### Data to process
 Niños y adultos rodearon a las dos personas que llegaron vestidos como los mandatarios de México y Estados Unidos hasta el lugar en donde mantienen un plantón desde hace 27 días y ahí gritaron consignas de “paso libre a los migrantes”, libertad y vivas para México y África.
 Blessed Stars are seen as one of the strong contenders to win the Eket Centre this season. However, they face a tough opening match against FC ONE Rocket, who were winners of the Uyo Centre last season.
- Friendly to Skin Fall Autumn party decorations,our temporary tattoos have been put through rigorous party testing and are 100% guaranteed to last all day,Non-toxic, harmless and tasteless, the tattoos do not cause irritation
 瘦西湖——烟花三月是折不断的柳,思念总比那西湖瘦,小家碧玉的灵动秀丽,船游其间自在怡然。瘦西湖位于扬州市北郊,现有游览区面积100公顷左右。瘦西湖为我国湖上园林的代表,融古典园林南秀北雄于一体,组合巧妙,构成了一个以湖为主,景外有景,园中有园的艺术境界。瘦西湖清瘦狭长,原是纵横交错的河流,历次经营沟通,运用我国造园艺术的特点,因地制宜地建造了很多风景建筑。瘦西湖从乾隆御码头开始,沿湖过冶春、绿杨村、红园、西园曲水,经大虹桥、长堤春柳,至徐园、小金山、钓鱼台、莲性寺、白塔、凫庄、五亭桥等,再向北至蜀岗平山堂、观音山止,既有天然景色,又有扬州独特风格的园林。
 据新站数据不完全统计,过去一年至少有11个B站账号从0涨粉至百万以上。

* * *

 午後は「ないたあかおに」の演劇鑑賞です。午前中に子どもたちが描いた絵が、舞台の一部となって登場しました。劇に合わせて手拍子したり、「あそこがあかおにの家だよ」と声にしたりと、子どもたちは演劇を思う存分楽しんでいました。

### Exercise goal
For each line in the data that holds the word "last", copy the line.

### Output
 Blessed Stars are seen as one of the strong contenders to win the Eket Centre this season. However, they face a tough opening match against FC ONE Rocket, who were winners of the Uyo Centre last season.
- Friendly to Skin Fall Autumn party decorations,our temporary tattoos have been put through rigorous party testing and are 100% guaranteed to last all day,Non-toxic, harmless and tasteless, the tattoos do not cause irritation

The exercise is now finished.